When making films tied to poetry or prose, I find abstraction to be a successful vessel. Like music, it can connect directly to emotion, and facilitate individual experience. I always turn to history of visual music – these works of art, some of them close to a century old, still stand as monuments of inspiration. The masters of abstract cinema paved such a vast area of experimentation, and stunningly beautiful works, there is always something new to learn from them. In every case, I always come back to Oskar Fischinger (1900–1967).*

This was especially significant with my visual music short Bøygen of 2016: From deep in the misty Norwegian mountains comes the unnerving sense of numbing apathy. This is The Boyg, in old Norwegian folklore known as a large, invisible serpent that seem to surround you and suggests you avoid challenges. Made famous by playwright Henrik Ibsen, the Boyg is today a term for a formless obstacle; lack of initiative, creeping anxiety or a problem difficult to untangle.

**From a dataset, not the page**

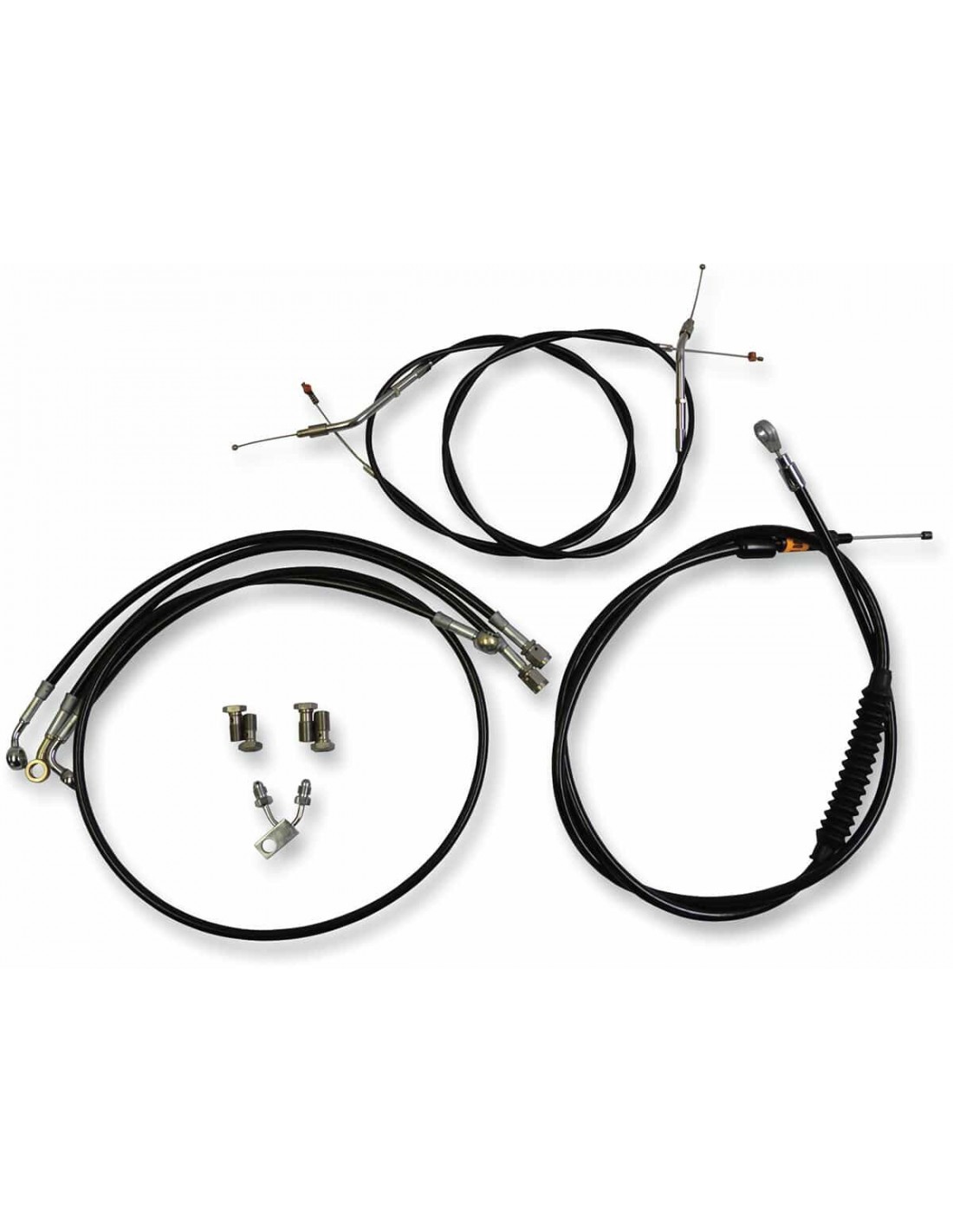 La ChoppersKit tubo freno/cavo manubrio intrecciato standard in vinile neroIl kit standard include tubo frizione, tubi freno, giunto a T cromato per tubo freno, viti banjo, raccordi e rondelle di tenuta in rame Tubi freno/frizione della lunghezza corretta e prolunghe inclusi per completare la sostituzione di un manubrio Made in the USA Prolunghe fili elettrici non inclusi (disponibili separatamente ) Il kit si basa sull'utilizzo di riser da 2” con manubri Ape Hanger

To express an abstract idea with an abstract visual language was a labyrinth of trial and error. But a successful marriage of sound and image can open a doorway directly into the synapses. Research for this project covered both ancient Norwegian folklore and film history. The starting point was a journey to the Center of Visual Music in February 2015.

Fascinating stuff. Do click through and read all three essays.

The Art of Poetry Film with Cheryl Gross: “The Clinic”

The Clinic (Kliniken)
poem and voiceover: Annelie Axén
design and animation: Kristian Pedersen
produced by Gasspedal Animert

One of my least favorite activities when I was a child was visiting the dentist. It was a major cause of anxiety. However, there is something about The Clinic that addresses this discomfort in a unique and bizarre way.

Despite my deep love for nostalgia and the fact that I lean left-of-center concerning my taste in entertainment, The Clinic kicked up memories that were not pleasant. Reminiscing about the dentist is not exactly what I call a good time and the sound of drilling puts me over the edge. Despite my discomfort, there is no doubt that it’s a great video. The visuals are clever and fit right in. I am particularly fond of the teeth x-rays, the distressed film look and the brilliant use of typography and Adobe After Effects.

The Clinic uses teeth as a metaphor. From the beginning, we are made to feel as if we are about to encounter impending doom and are made to feel nervous. We are coldly asked questions that feed into our fears and anxiety. There is no comfort offered, just more questions. Eventually it is revealed that we are just a number. As the toothless grind their jaws, perhaps the antidote to the uneasiness we feel is the white powder with our information on it.

The Clinic in my opinion is a very successful, Orwellian piece. Not only does it get the message across, but it creeps me out. Seeing the work is feeling it and again, and at the end of the day this is what matters most. It’s traditionally been said that great art should evoke powerful emotions, and by that standard, The Clinic certainly qualifies as great art.